Overview
Generate an API token for authenticating with Qovery programmatically. API tokens are useful for CI/CD pipelines, automation scripts, and integrations.
Command
This command generates a new API token that can be used for authentication instead of interactive login.
Usage
Options
Flag Description --nameToken name/description --helpShow help for token command
Examples
Generate Token
# Generate new API token
qovery token
# Copy the token output
# Token: qov_abc123def456...
Generate Named Token
# Generate token with descriptive name
qovery token --name "CI/CD Pipeline Token"
Using API Tokens
In CI/CD Pipelines
# GitHub Actions
env:
QOVERY_CLI_ACCESS_TOKEN: ${{ secrets . QOVERY_TOKEN } }
# GitLab CI
variables:
QOVERY_CLI_ACCESS_TOKEN: $CI_QOVERY_TOKEN
# CircleCI
environment:
QOVERY_CLI_ACCESS_TOKEN: ${ QOVERY_TOKEN }
In Scripts
#!/bin/bash
# Set token as environment variable
export QOVERY_CLI_ACCESS_TOKEN = "qov_abc123def456..."
# Authenticate
qovery auth
# Run commands
qovery application deploy --application "my-app"
In Local Development
# Add to your shell profile (~/.bashrc, ~/.zshrc)
export QOVERY_CLI_ACCESS_TOKEN = "qov_abc123def456..."
# Or create a .env file
echo "QOVERY_CLI_ACCESS_TOKEN=qov_abc123def456..." > .env
source .env
Security Best Practices
Never commit API tokens to version control.
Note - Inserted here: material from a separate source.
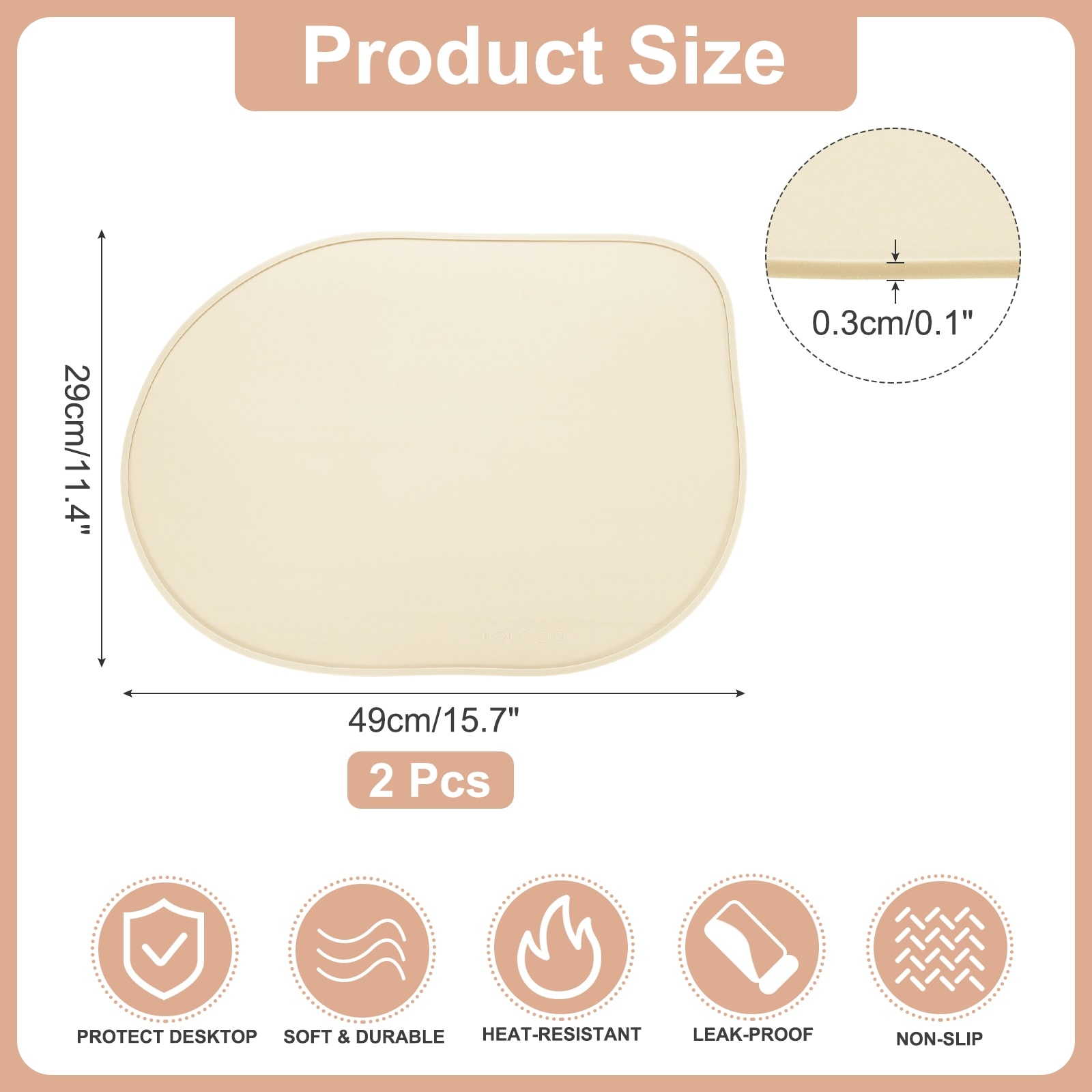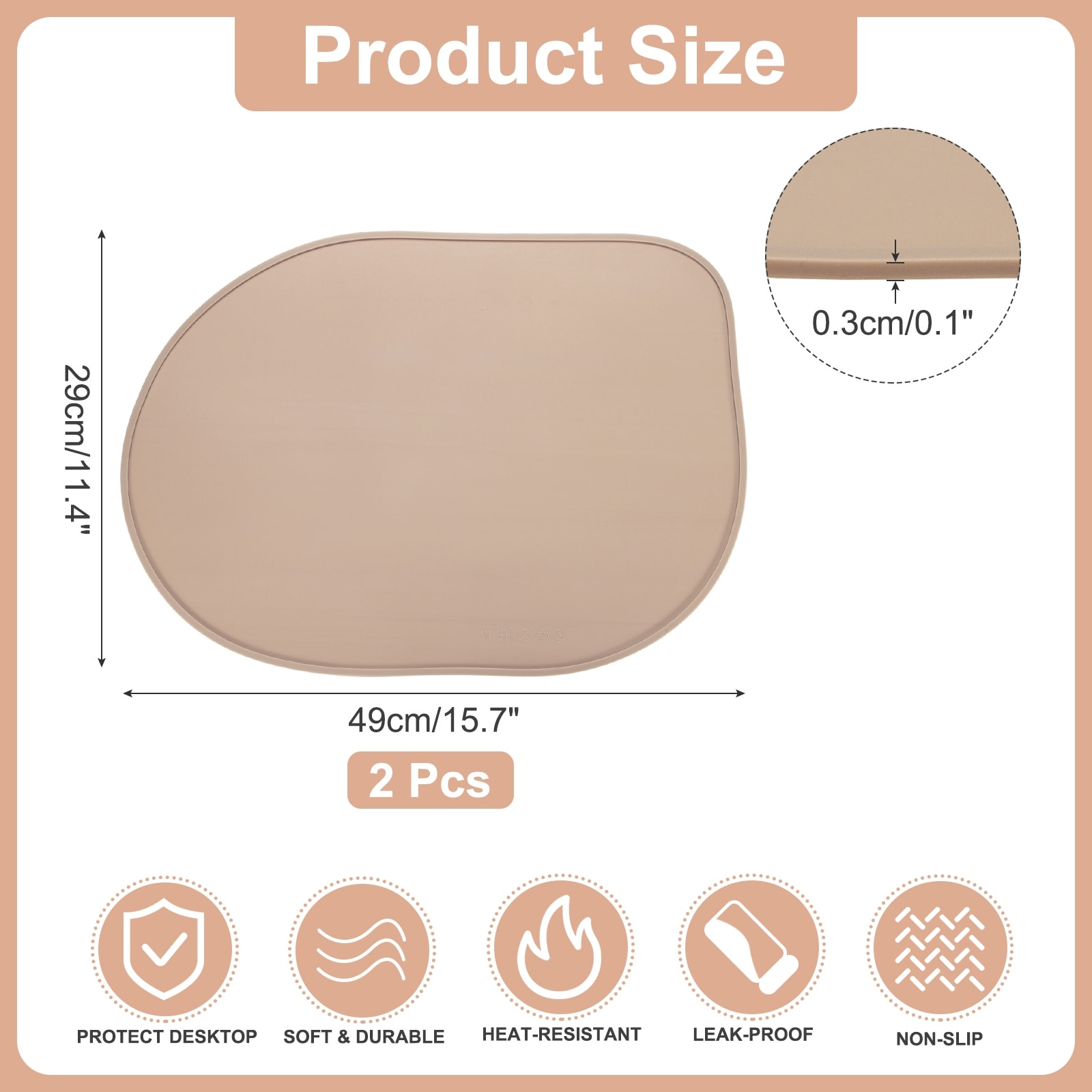 Oval Rectangle Silicone Placemat, Non-Slip Washable Table Placemats Heat Resistant Waterproof Mat with High Edge for Kitchen

Always use secrets management:
GitHub Actions: Use secrets
GitLab CI: Use CI/CD variables
CircleCI: Use environment variables
Local: Use environment variables or secure vaults
Do:
Store tokens in CI/CD secret management
Use environment variables
Use secure vaults (AWS Secrets Manager, HashiCorp Vault)
Rotate tokens regularly
Don’t:
Commit tokens to Git
Share tokens in plain text
Use the same token across multiple systems
Store tokens in application code
Regularly rotate API tokens for security: # 1. Generate new token
qovery token --name "New Token"
# 2. Update CI/CD secrets with new token
# 3. Revoke old token in Qovery Console
Generate separate tokens for different purposes: # Production deployments
qovery token --name "Production CI/CD"
# Staging deployments
qovery token --name "Staging CI/CD"
# Read-only monitoring
qovery token --name "Monitoring Read-Only"
Managing Tokens
Tokens can be managed in the Qovery Console:
Go to Settings → API Tokens
View all active tokens
Revoke tokens that are no longer needed
Set expiration dates for tokens
Token Permissions
API tokens inherit permissions from your user account:
Full Access - Can perform all operations you can perform
Scoped to Organization - Token permissions apply to specific organization
Audit Trail - All token actions are logged
Examples by Use Case
CI/CD Deployment
# .github/workflows/deploy.yml
name : Deploy to Qovery
on :
push :
branches : [ main ]
jobs :
deploy :
runs-on : ubuntu-latest
steps :
- uses : actions/checkout@v2
- name : Install Qovery CLI
run : curl -s https://get.qovery.com | bash
- name : Deploy Application
env :
QOVERY_CLI_ACCESS_TOKEN : ${{ secrets.QOVERY_TOKEN }}
run : |
qovery auth
qovery application deploy --application "my-app"
Automated Monitoring Script
#!/bin/bash
# monitor.sh
export QOVERY_CLI_ACCESS_TOKEN = "${ QOVERY_MONITORING_TOKEN }"
qovery auth
# Get status of all services
qovery status --format json > status.json
# Check for errors
if jq -e '.services[] | select(.status == "ERROR")' status.json > /dev/null ; then
echo "ERROR: Services with errors detected"
# Send alert
fi
Tips
Generate separate tokens for different environments (production, staging, development) to limit blast radius if a token is compromised.
Use descriptive names when generating tokens to easily identify their purpose later.